Es ist ein Phänomen, dass es Leute gibt, die sich in einer zerstreuten Atmosphäre äusserst gut konzentrieren können. Sie haben in der Stille ein Selbstüberwindungsproblem. Sie fallen, wenn Stille herrscht, total auf sich zurück und sind blockiert vom Anspruch, etwas tun zu müssen. Das Kaffeehaus mit seinem Lärm ist eine Art von Zerstreuung, die ihnen die nötige Konzentration ermöglicht.

 

Geprägt von seinem „Grossvater“ hatte Rolf Kesselring viele, viele Frauengeschichten.

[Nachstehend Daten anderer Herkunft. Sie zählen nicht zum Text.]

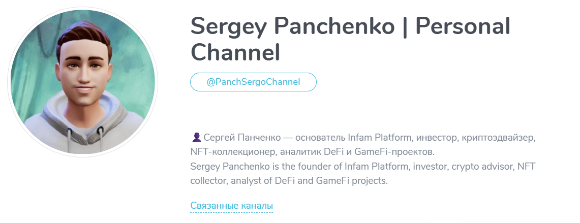 Более точные запросы позволили выйти на персонажа, который может иметь отношение к герою обзора. Парень заявляет о создании собственной компании Infam Platform. Он позиционирует себя в качестве инвестора, коллекционера NFT и DeFi-аналитика. Кроме того, Сергей Панченко показывает себя в качестве знатока проектов DeFi.
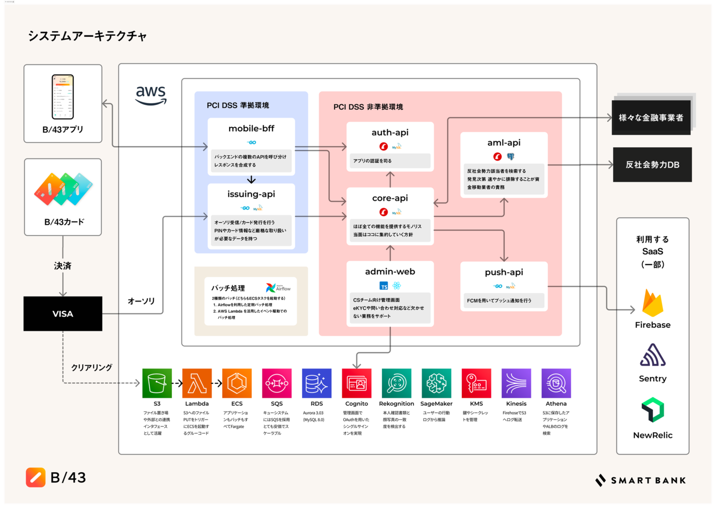 「株式会社スマートバンクって技術力が高くて“つよつよエンジニア”ばっかりなんでしょ?」と思う方もいるかもしれません。しかし、システム的には良い意味で普通だと感じます。PCI DSSといった金融ドメイン特有の縛りが一部にはありますが、そこを除けば派手な技術や特殊なアーキテクチャを採用しているわけではなく堅実でシンプルな設計になっているかと思います。

Die Mutter seiner Tochter (sein Ausdruck) heiratete er, weil sie 16-jährig war.

 

Hinter den Wegen und Begegnungen steht die Triebkraft des Eros. Auf ihn verwies bereits 1907, also lange vor dem heutigen 6. April 2025, Hugo von Hofmannsthal, der Lyriker, Dramatiker, Erzähler, Essayist und Wiener. – Als Zeitgenosse von Sigmund Freud analysierte er Wesen und Beweggrund der „Scanner-Persönlichkeiten“:

 

Es ist sicher, dass das Gehen und das Suchen und das Begegnen irgendwie zu den Geheimnissen des Eros gehören. Es ist sicher, dass wir auf unserm gewundenen Wege nicht bloss von unsren Taten nach vorwärts gestossen werden, sondern immer gelockt von etwas, das scheinbar immer irgendwo auf uns wartet und immer verhüllt ist. Es ist etwas von Liebesbegier, von Neugierde der Liebe in unsrem Vorwärtsgehen, auch dann, wenn wir die Einsamkeit des Waldes suchen oder die Stille der hohen Berge oder einen leeren Strand, an dem wie eine silberne Franse das Meer leise rauschend vergeht. Allen einsamen Begegnungen ist etwas sehr Süsses beigemengt, und wäre es nur die Begegnung mit einem Tier des Waldes, das lautlos anhält und aus dem Dunkel auf uns äugt. Mich dünkt, es ist nicht die Umarmung, sondern die Begegnung die entscheidende erotische Pantomime. Es ist in keinem Augenblick das Sinnliche so seelenhaft, das Seelenhafte so sinnlich als in der Begegnung. Hier ist alles möglich, alles in Bewegung, alles aufgelöst. Hier ist ein Zueinandertrachten noch ohne Begierde, eine naive Beimischung von Zutraulichkeit und Scheu. Hier ist das Rehhafte, das Vogelhafte, das Tierischdumpfe, das Engelsreine, das Göttliche.